***** ENTRIES SUPPLIED *****

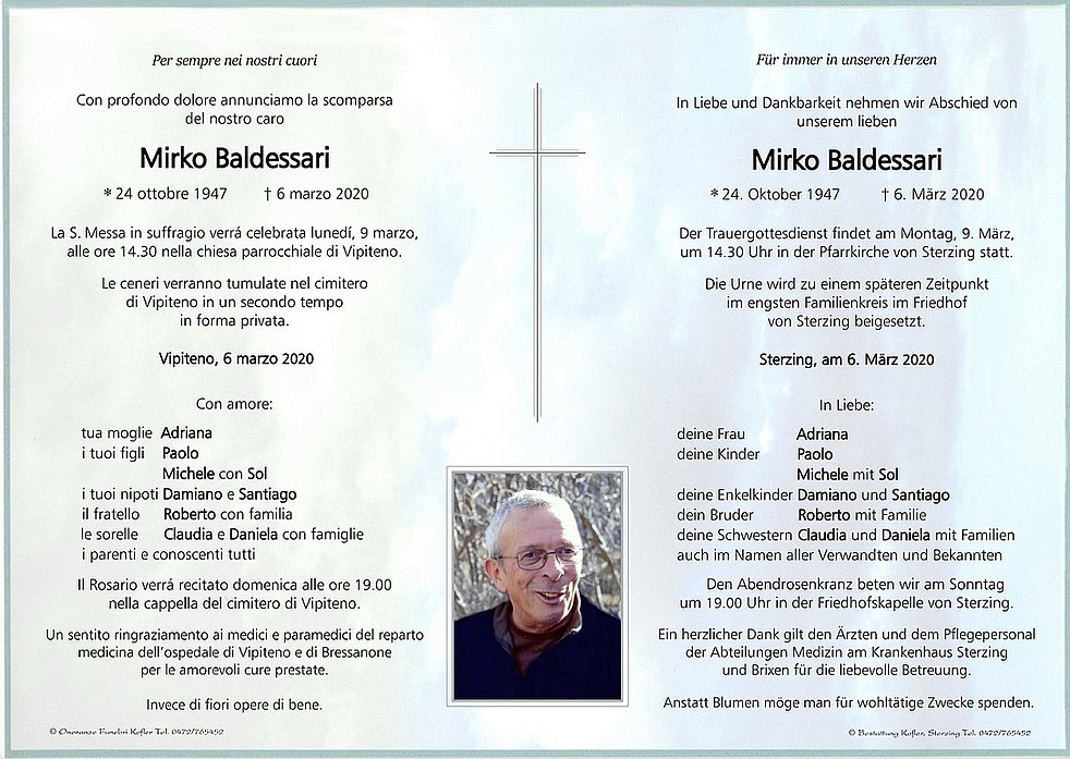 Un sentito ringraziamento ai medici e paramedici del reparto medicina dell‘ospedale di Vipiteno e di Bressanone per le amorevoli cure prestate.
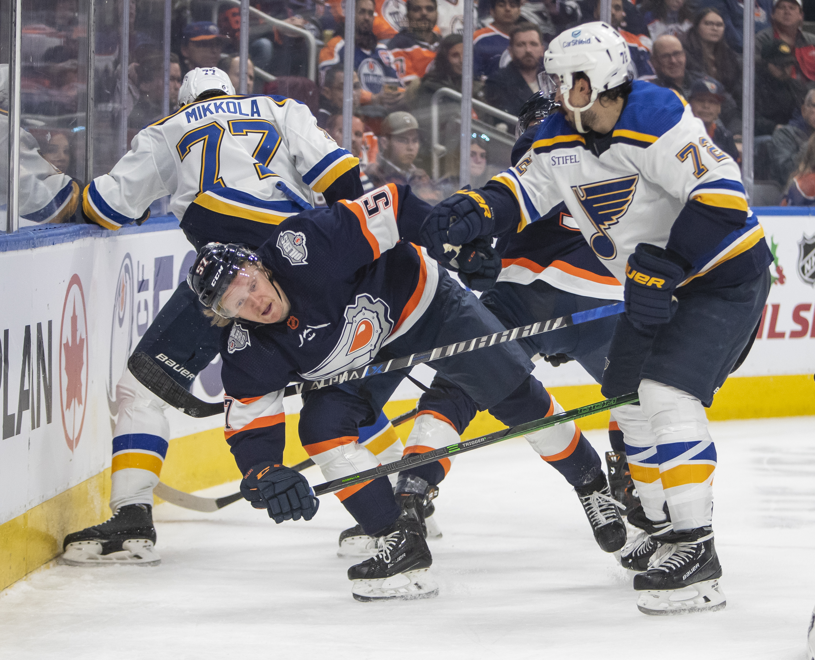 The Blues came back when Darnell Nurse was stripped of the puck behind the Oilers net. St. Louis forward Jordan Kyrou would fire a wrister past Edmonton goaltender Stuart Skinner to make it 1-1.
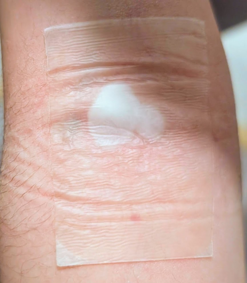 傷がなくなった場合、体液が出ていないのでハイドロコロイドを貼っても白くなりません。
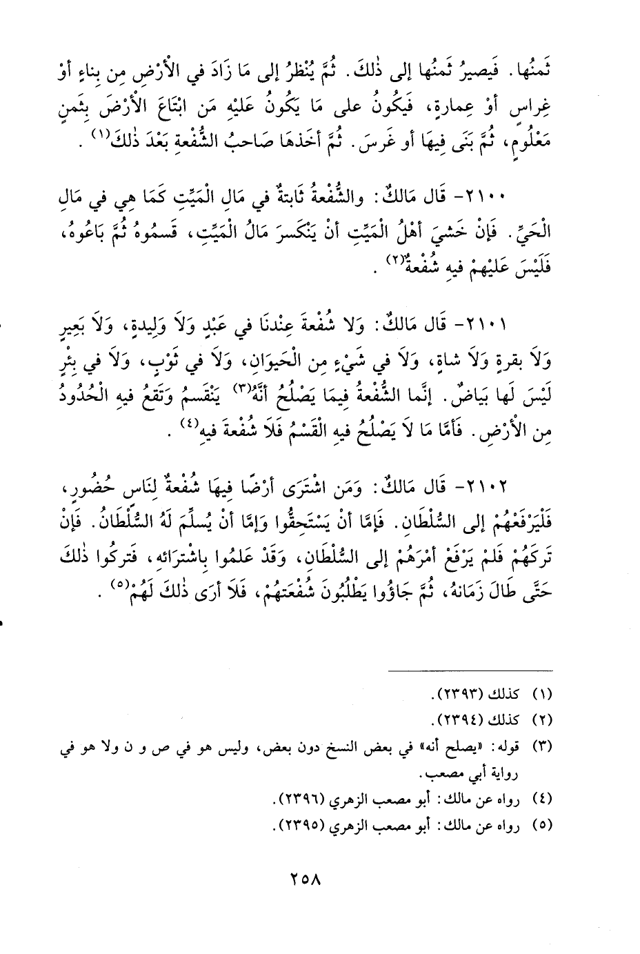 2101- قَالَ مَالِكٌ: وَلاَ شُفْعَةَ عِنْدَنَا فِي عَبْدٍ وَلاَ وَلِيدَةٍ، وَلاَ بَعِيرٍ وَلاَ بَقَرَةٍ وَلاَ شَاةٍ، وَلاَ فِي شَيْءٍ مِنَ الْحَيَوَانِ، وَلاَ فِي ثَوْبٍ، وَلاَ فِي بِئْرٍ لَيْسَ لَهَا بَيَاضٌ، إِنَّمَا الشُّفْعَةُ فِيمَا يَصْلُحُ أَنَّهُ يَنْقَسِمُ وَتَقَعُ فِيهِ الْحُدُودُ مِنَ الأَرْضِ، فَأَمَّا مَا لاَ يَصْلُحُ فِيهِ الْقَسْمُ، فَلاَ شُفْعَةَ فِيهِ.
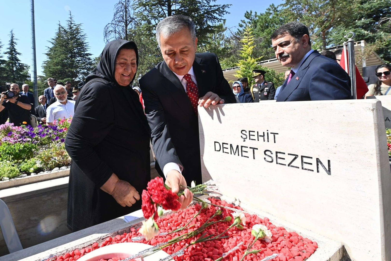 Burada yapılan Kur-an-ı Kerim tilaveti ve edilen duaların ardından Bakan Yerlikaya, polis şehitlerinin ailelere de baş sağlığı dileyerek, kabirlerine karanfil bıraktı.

*****

**YOUR TASK**
Counting the line with "傷がなくなった場合、体液が出" and the last line of the data above, transcribe those two lines and every line between them exactly, without the pictures.

**YOUR RESPONSE**
 傷がなくなった場合、体液が出ていないのでハイドロコロイドを貼っても白くなりません。
 2101- قَالَ مَالِكٌ: وَلاَ شُفْعَةَ عِنْدَنَا فِي عَبْدٍ وَلاَ وَلِيدَةٍ، وَلاَ بَعِيرٍ وَلاَ بَقَرَةٍ وَلاَ شَاةٍ، وَلاَ فِي شَيْءٍ مِنَ الْحَيَوَانِ، وَلاَ فِي ثَوْبٍ، وَلاَ فِي بِئْرٍ لَيْسَ لَهَا بَيَاضٌ، إِنَّمَا الشُّفْعَةُ فِيمَا يَصْلُحُ أَنَّهُ يَنْقَسِمُ وَتَقَعُ فِيهِ الْحُدُودُ مِنَ الأَرْضِ، فَأَمَّا مَا لاَ يَصْلُحُ فِيهِ الْقَسْمُ، فَلاَ شُفْعَةَ فِيهِ.
 Burada yapılan Kur-an-ı Kerim tilaveti ve edilen duaların ardından Bakan Yerlikaya, polis şehitlerinin ailelere de baş sağlığı dileyerek, kabirlerine karanfil bıraktı.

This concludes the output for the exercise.